In questo variegato mondo dei mercati autentici, si aprono allora scenari futuri da seguire con molta attenzione. Uno riguarda la grande crescita di nuove comunità di mercato, dove è il consumo dello stesso prodotto o brand ad aggregare le persone in nuove forme di "tribù". Ciò che oggi vediamo ancora solo per alcuni prodotti particolarmente identitari (nel cibo, nella musica, nell’abbigliamento, nelle automobili, nelle moto...), domani potrebbe diventare un fenomeno molto esteso e generalizzato.

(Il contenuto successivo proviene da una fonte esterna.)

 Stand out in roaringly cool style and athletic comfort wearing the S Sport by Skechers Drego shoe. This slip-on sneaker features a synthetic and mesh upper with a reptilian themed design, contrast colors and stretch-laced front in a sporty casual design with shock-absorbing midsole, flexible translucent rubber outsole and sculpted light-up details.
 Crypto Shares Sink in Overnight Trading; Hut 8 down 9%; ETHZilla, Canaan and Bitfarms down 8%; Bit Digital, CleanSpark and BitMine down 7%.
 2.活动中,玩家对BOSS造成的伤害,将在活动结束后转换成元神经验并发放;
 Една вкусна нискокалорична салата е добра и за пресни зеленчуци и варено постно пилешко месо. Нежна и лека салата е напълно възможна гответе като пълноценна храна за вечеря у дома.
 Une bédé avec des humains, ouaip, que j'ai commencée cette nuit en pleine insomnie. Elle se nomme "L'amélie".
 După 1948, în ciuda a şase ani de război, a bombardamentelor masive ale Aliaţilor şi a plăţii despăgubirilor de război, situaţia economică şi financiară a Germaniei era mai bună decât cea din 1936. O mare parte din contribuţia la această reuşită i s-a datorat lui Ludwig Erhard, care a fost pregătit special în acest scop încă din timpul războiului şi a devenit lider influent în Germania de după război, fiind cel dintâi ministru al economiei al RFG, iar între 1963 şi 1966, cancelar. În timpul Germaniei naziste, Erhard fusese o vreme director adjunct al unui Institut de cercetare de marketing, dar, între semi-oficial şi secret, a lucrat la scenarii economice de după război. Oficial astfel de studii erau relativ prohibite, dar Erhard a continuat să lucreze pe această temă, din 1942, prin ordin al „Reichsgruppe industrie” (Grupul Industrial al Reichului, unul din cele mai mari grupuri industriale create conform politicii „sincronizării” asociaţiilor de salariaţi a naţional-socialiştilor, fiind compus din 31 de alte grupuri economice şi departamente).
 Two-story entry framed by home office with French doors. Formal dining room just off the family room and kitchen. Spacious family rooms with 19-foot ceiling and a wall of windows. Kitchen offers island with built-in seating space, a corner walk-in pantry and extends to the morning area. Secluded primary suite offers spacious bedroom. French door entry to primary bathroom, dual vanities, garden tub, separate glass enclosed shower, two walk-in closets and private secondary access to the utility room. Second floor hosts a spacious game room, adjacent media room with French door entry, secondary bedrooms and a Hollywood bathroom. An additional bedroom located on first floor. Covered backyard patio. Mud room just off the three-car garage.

In queste tribù di consumatori è l’oggetto a diventare l’elemento di costruzione della "comunità". Rivivono così forme arcaiche di culto totemico, dove il rapporto tra persone è un effetto collaterale del rapporto di ciascun individuo con la cosa. I fedeli (la fede-fedeltà qui è tutto) offrono sacrifici di tempo e energie a qualcosa che, per natura, non ha nulla di gratuito – il prodotto ha un suo prezzo di vendita, ha i suoi profitti che non vanno agli adoratori, ma ai proprietari della marca, che usano gratuitamente il lavoro e la promozione dei loro fidelizzati. Nuove religioni-idolatrie di solo culto, che riempiono di feticci una terra svuotata di dèi.

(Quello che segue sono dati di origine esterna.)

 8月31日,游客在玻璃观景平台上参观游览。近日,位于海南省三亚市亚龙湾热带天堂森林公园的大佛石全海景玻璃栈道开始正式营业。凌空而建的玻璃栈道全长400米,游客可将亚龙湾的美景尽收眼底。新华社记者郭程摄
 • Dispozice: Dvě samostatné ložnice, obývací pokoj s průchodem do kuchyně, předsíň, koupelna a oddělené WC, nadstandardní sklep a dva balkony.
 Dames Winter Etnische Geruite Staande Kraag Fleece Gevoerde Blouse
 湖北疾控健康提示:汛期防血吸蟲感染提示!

L’umanesimo biblico ha combattuto l’idolatria del suo tempo anche per liberare l’uomo dal debito originario che caratterizzava i culti totemici e pagani dei popoli circostanti. L’Alleanza con un Dio che crea per eccedenza di amore era stata anche la liberazione dai culti per gli oggetti, dai totem e dai tabù del mondo antico, dove gli oggetti incantavano e incatenavano gli uomini con la loro magia e i loro poteri occulti. Se il disincanto del mondo e la battaglia contro l’umanesimo ebraico-cristiano cui stiamo assistendo producessero, alla fine, un banale ritorno a nuovi culti totemici degli oggetti, saremmo di fronte al peggiore fallimento dell’umanesimo occidentale, alla distruzione di due millenni e mezzo di sviluppo umano e spirituale. Ma sono possibili anche altri scenari, si possono già intravvedere narrazioni diverse sulla linea dell’orizzonte del nostro tempo complicato e bellissimo. Per osservarli e capirli noi ci porremo "sul confine e oltre". Porremo il nostro posto di vedetta sul confine tra gratuità e mercato, tra comunità e persone, tra i totem e l’autentica spiritualità. Aspettiamoci di tutto, e buon viaggio.